While encouraging healthcare providers to build partnerships with the families of newborns, “Family-centered Care for the Newborn: The Delivery Room and Beyond” recommends many of the practices implemented at St. Alexius, such as:

  • Replacing “the language of power” with the “language of partnership.” The book calls for replacing written and spoken words such as “allow,” “permit,” “require” and “expect” with words such as “welcome,” “encourage” and “support” when communicating with parents.
  • Ceasing referring to parents as visitors and to their time with their newborns as “visitation.” “Parents are never visitors in a baby’s life,” said Griffin, who advocates abandoning traditional visitation hours and instead welcoming parents as partners. At St. Alexius “we have a `Partnership with Parents’ policy,” she said. “We never ask them to leave. Because they are partners in decision-making and caregiving, they are welcome to be with their baby 24 hours a day.”
  • Welcoming parents to stay in the room when their baby needs to be resuscitated. Traditionally, parents have been asked to leave the room in these situations, but research shows that staying in the room often is beneficial, even though the experience can be upsetting and frightening, Griffin said. In cases in which resuscitation attempts fail, “There is an improved grieving process because the parents saw the heroic efforts to try and save the patient,” she said. At St. Alexius, “we don’t ask parents to leave the room,” Griffin said. Instead, a staff member is assigned to the parents to provide information and emotional support while a medical team tries to resuscitate their baby. Parents often help in deciding how long resuscitation attempts should continue, and in cases in which babies do not survive, parents “always come up and say `Thank you for doing everything you could do,’” Griffin said.

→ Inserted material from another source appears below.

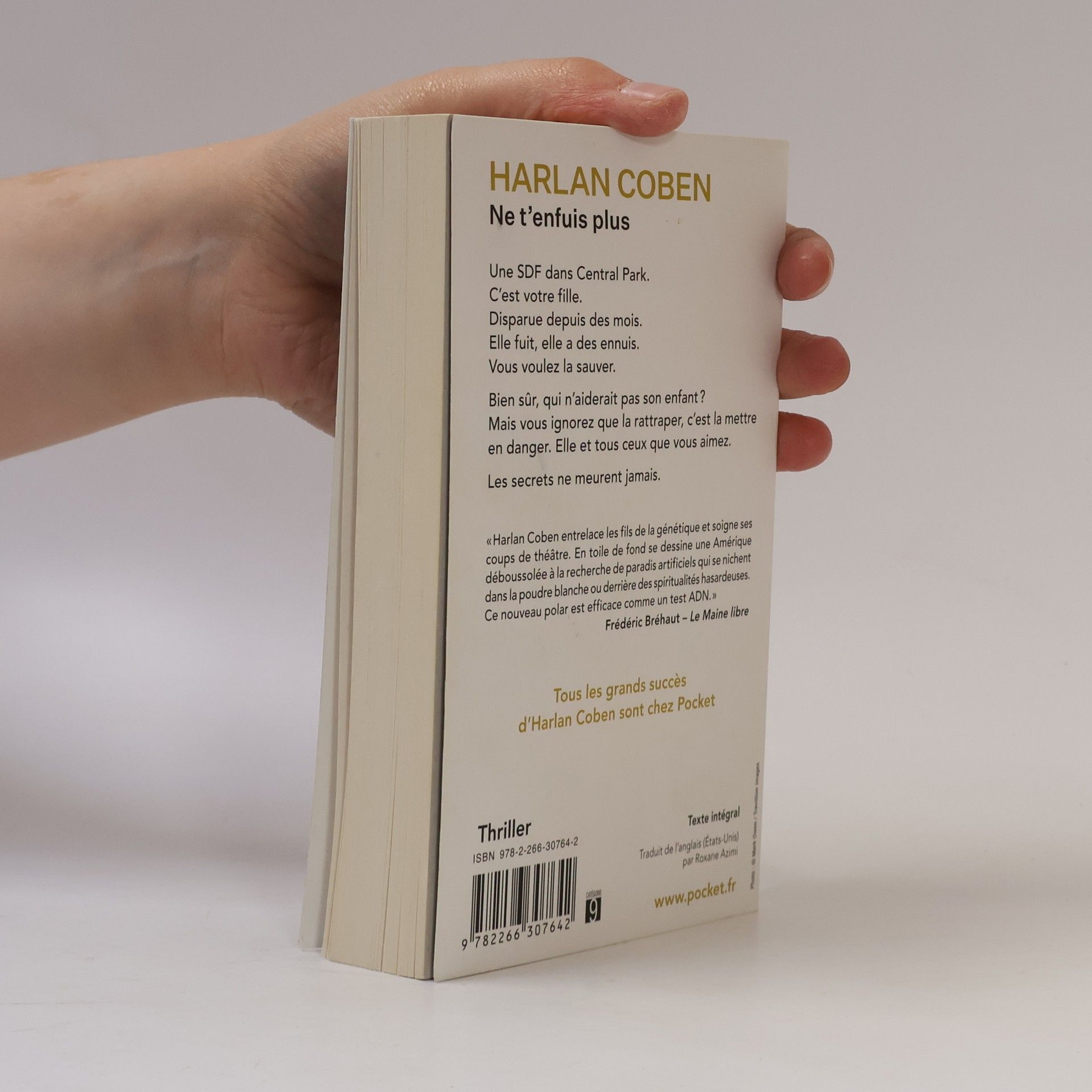 "Une SDF dans Central Park. C'est votre fille. Disparue depuis des mois. Elle fuit, elle a des ennuis. Vous voulez la sauver. Bien sûr, qui n'aiderait pas son enfant ? Mais vous ignorez que la rattraper, c'est la mettre en danger. Elle et tous ceux que vous aimez. Les secrets ne meurent jamais."-- from https://www.maarifculture.com/ne-tenfuis-plus-harlan-coben/dp/9782266307642

Partnering with families, she said, renews and sustains her passion for her work. Although she doesn’t expect “Family-centered Care for the Newborn: The Delivery Room and Beyond” to become a best-seller, she hopes the book can lead more healthcare providers to embrace the changes that have worked so well at St. Alexius.

“I just hope that partnering with families can happen anyplace, anytime, in every interaction,” Griffin said. “If anyone does change the way that they practice so they do partner with families, that’s what’s important. I really am just trying to change the world of healthcare.”